Soderbergh filmará a genealogia desses personagens que, para uns integram uma onda fascista, para outros, a emergência do dito “conservadorismo de fundo” da América interiorana, em reação a políticas reformistas do governo Obama em favor de pobres, latinos, negros e imigrantes. O produto final dessa gênese no filme, diversamente, será outro: pessoas que em vez de se confundirem numa massa homogênea de ressentimento e estupidez, concatenam-se alegremente para realizar o roubo do século. No subterrâneo de uma corrida lotada da Nascar, organizam a sua vingança coletiva contra o sistema, roubando grandes franquias e um banco que guardava o dinheiro vivo. A quadrilha não prescinde de uma justificativa moral: não estão roubando qualquer um. O que acontece a seguir é uma versão ‘hi-ho’ de Robin Hood: a distribuição equânime do butim, a reconstrução dos laços sociais traumatizados, a apresentação de uma mitologia renascida que ganha o coração do povo local. Orientada para o futuro otimista, tão bem personificado na filha do operário que, na apresentação na escola, prefere cantar uma canção regional da West Virgínia ao hit da Rihanna, porque o pai e a comunidade gostam.

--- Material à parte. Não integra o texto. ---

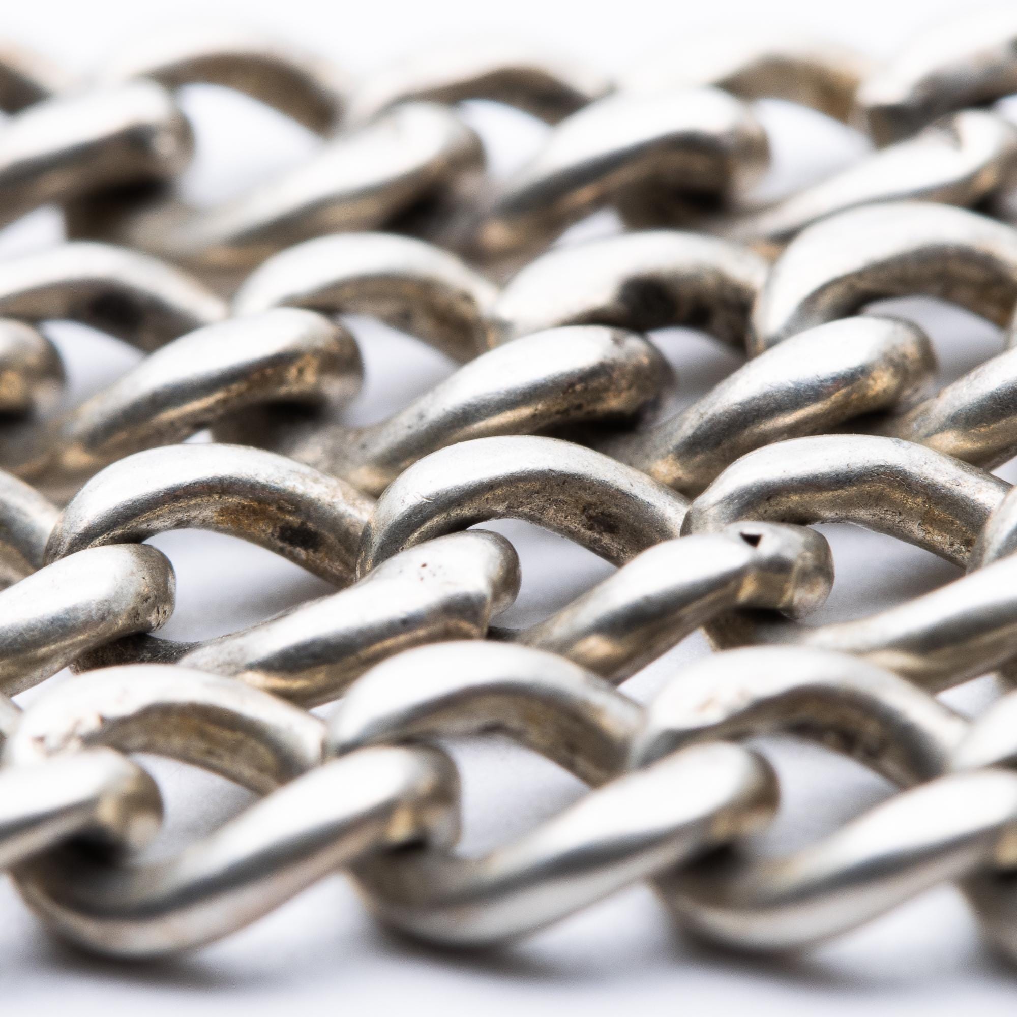 in good used condition. Clicks closed loosely, some wear at hinge, curb link chain.

“Logan Lucky” é sobre o lado brilhante da composição social que vota Trump, sua inteligência reprimida, seu altruísmo acima de qualquer recalque, sua criatividade a toda prova, capaz de fabricar explosivos com um saco de jujubas e canetas de cloro. Depois do elogio descomplexado do arrivismo e do beijo no princípio hobbesiano que justifica o soberano, Soderbergh apresenta-nos com extrema eficiência e economia de meios cinematográficos, extraindo o máximo do mínimo, a sua própria versão otimista do cenário pós-crise de 2008. É tudo tão perfeitamente articulado e narrado no filme que nos poupa do trabalho de contemplar a paisagem social, política e econômica que move as linhas invisíveis da trama. O filme é tão bom, tão excelentemente dirigido, que só resta a nós, — espectadores envolvidos por esse tour de force que nos eleva do purgatório, — acreditar de pés juntos nos olhos esperançosos da menina. E na bandeira americana.